CASE systems are often used for method support
● Upper-CASE
• Tools to support the early process activities of requirements and
design
● Lower-CASE
• Tools to support later activities such as programming,
debugging and testing

Slide 24
What are the costs of software engineering?
● Roughly 60% of costs are development costs,
40% are testing costs. For custom software,
evolution costs often exceed development costs
● Costs vary depending on
• the type of system being developed and
• the requirements of system attributes such as performance and
system reliability
● Distribution of costs depends on the development
model that is used

Slide 25
What are the key challenges facing
software engineering?
● Coping with legacy (old) systems, coping with
increasing diversity (variety) and coping with
demands for reduced delivery times
● Legacy systems
• Old, valuable systems must be maintained and updated
● Heterogeneity
• Systems are distributed and include a mix of hardware and software
● Delivery
• There is increasing pressure for faster delivery of software

Slide 26
Professional and Ethical Responsibility
● Software engineering involves wider
responsibilities than simply the application of
technical skills.
● Software engineers must behave in an honest and
ethically (moral, principled) responsible way if
they are to be respected as professionals.

Slide 27
Issues of professional responsibility
● Confidentiality
• Engineers should normally respect the confidentiality (privacy)
of their employers or clients irrespective of whether or not a
formal confidentiality agreement has been signed.
● Competence
• Engineers should not misrepresent their level of competence
(capability).

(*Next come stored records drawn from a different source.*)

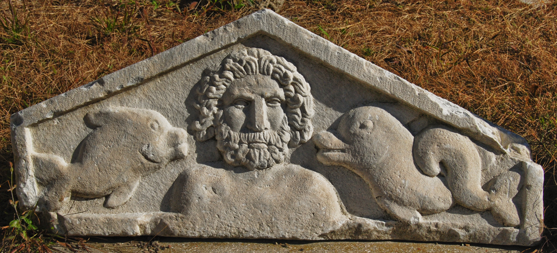15094 Giebel mit bärtiger Büste zwischen Fisch und Delphin
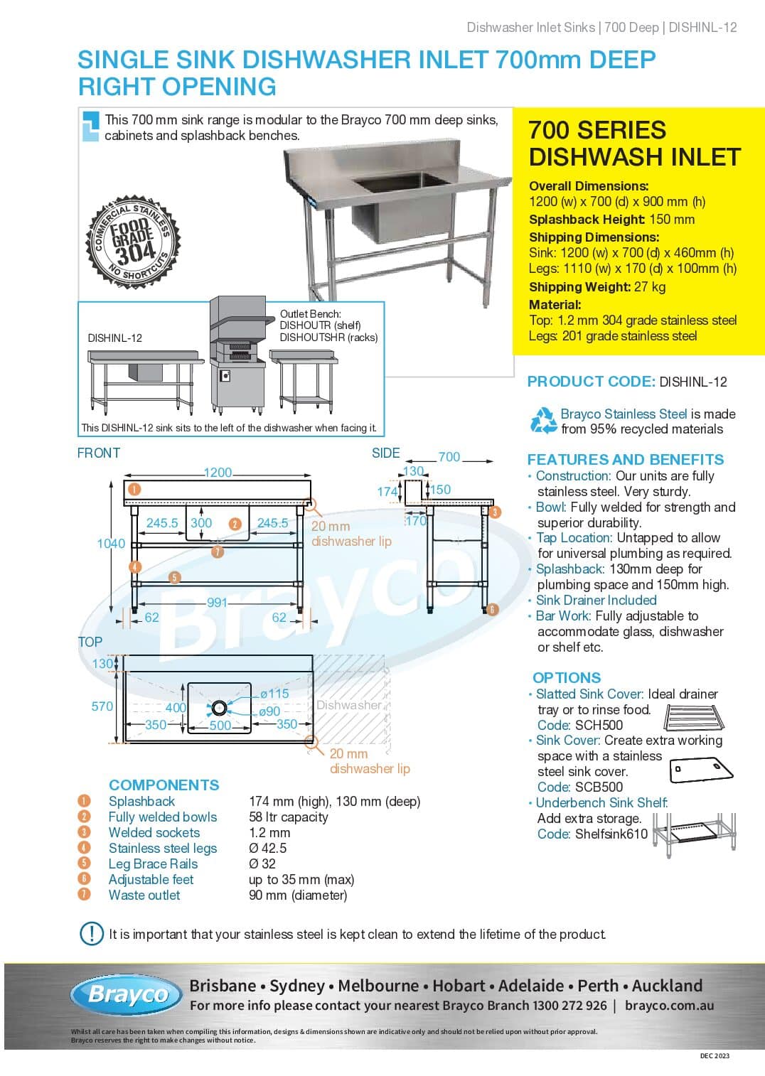 Brayco Stainless Steel is made from 95% recycled materials.
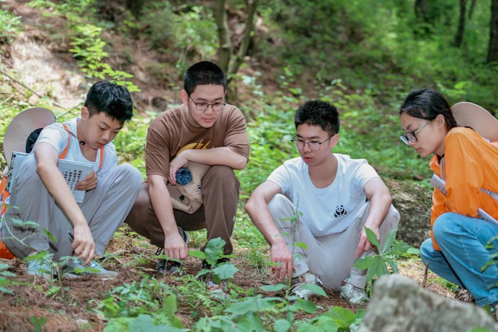 (队员带领参加自然教育夏令营的中学生进行调研)
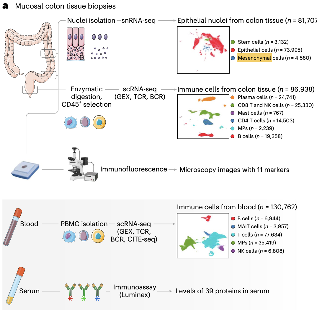 标题是:《Single-cell transcriptomic analyses reveal distinct immune cell contributions to epithelial barrier dysfunction in checkpoint inhibitor colitis》,这个文章是发表在2021的预印本的研究,也就是说早在2020左右就已经完成了152个样品的单细胞转录组,那个时候起码还得三四万一个样品,这就是500万人民币的经费在燃烧了。

They should not knowingly accept work which is
outside their competence.

Slide 28
Issues of professional responsibility
● Intellectual property rights
• Engineers should be aware of local laws governing the use of
intellectual (scholar) property such as patents (exclusive rights),
copyright, etc. They should be careful to ensure that the
intellectual property of employers and clients is protected.
● Computer misuse
• Software engineers should not use their technical skills to
misuse other people’s computers. Computer misuse ranges
from relatively trivial (game playing on an employer’s machine,
say) to extremely serious (dissemination (distribution) of
viruses).

Slide 29
Ethical dilemmas
● Disagreement in principle with the policies of
senior management
● Your employer acts in an unethical way and
releases a safety-critical system without finishing
the testing of the system
● Participation in the development of military
weapons systems or nuclear systems and leaking
out confidential information to the others.